Na jego pysku pojawił się ciepły uśmiech kiedy zaczęła mówić o swojej siostrze. Fascynujące było, jak bardzo czuł się wywołany jej słowami. Czy tak samo czuło się jego młodsze rodzeństwo? Oczywiście miał też wpadki, przez które czasem zastanawiał się, czy aby na pewno był dobrym bratem. Jak ta sytuacja gdy zabrał Visenye i Vethisa na ceremonie, a oni prawie spadli z jego grzbietu po drodze, bo był młodszy, mniej odpowiedzialny i przekonany, że on lata najlepiej na świecie i wszystko będzie dobrze.
Potrzebował dobrej chwili, by odpędzić od siebie myśl, że być może to właśnie przez to oboje zniknęli.
To była zła myśl, którą starał się trzymać z dala, odwrócił wzrok, starając się utrzymać. Pytanie Ziemnej pomogło, choć jego głos trochę się zachwiał na początku wypowiedzi. Udawał, że wcale nie.

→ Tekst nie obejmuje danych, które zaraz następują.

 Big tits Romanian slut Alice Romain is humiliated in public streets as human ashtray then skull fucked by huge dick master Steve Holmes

– Jest miłe, czasem zastanawiam się, czy bycie starszym bratem jest jakoś podobne do bycia rodzicem. Chociaż myślę, że bycie rodzicem jest trudniejsze, tak samo bycie piastunem.

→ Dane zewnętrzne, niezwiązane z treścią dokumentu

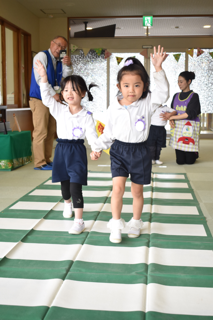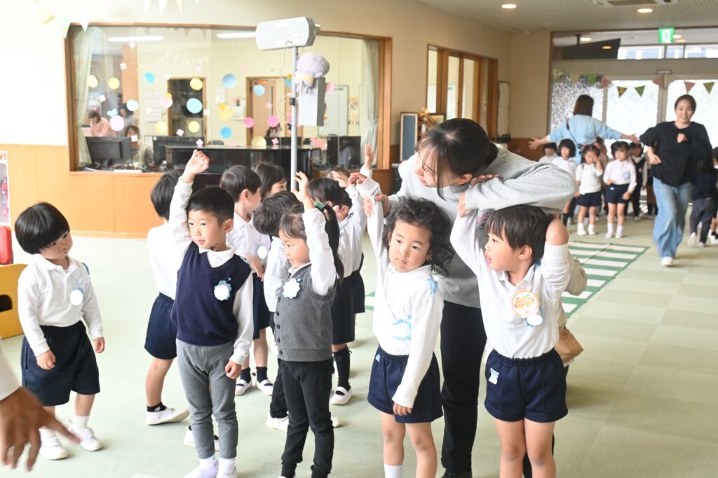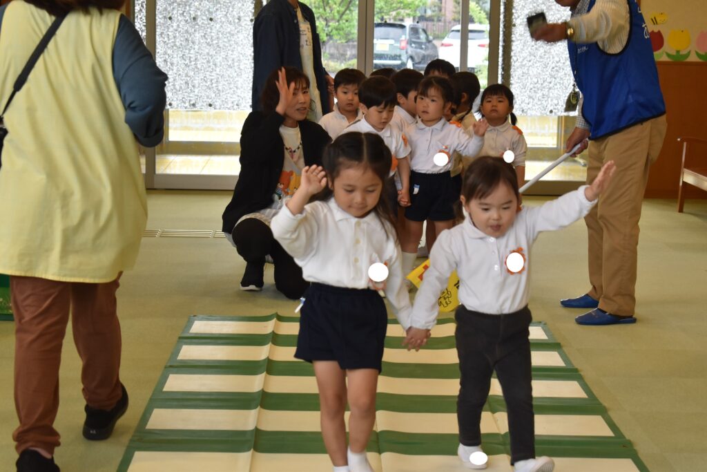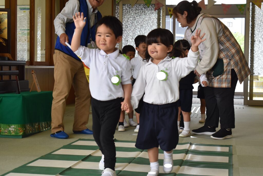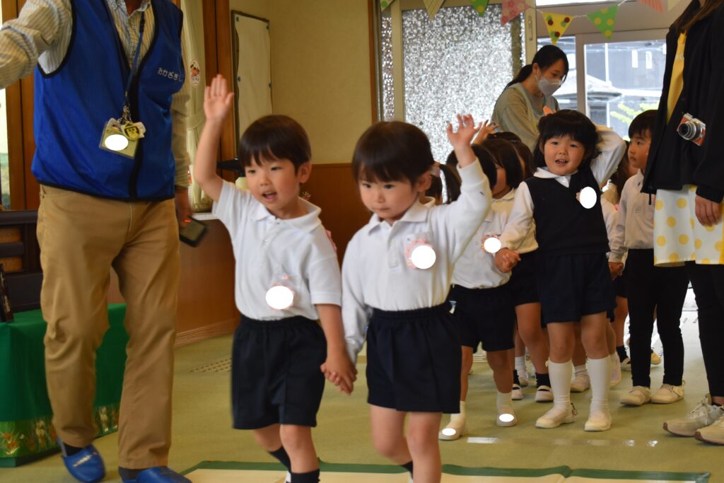 年中、年長組はホールで交通安全についての話を聞いたり、ビデオを見たりして横断歩道の渡り方について教えていただきました。

Zamrugał zaskoczony, słysząc liczbę księżyców snu, które miała za sobą smoczyca. Być może oznaczało to, że Hegris być może miał szansę się obudzić. Zaraz jednak zaczął zastanawiać się nad czymś innym. Jak to wpłynęło na smoczyce obok niego? Jeżeli Sen działał jak zwykły sen, to właściwie mogła nawet nie wiedzieć, że śpi.
– Szmat czasu, jestem pewien, że powrót po takim czasie musiał być gubiący, przykro mi.
Obudzić się po takim czasie. Miał ochotę ją przytulić, po prostu przytulić, po prostu zapewnić, że wszystko dobrze, dotarło do niego jednak ostatnio, że nie każdy smok może mieć chęć bycia przytulanym z zaskoczenia, a on nie chciał jej przypadkiem zrobić krzywdy. Plus przytulanie kogoś, kogo dopiero poznał, mogło nie być dobrze widziane, a nie chciał, żeby czuła się niekomfortowo.
Na jej następne słowa otworzył ślepia trochę szerzej, słysząc przykłady, jakich użyła. Przez chwilę nie wiedział, co powiedzieć w ciszy zastanawiając się nad tym.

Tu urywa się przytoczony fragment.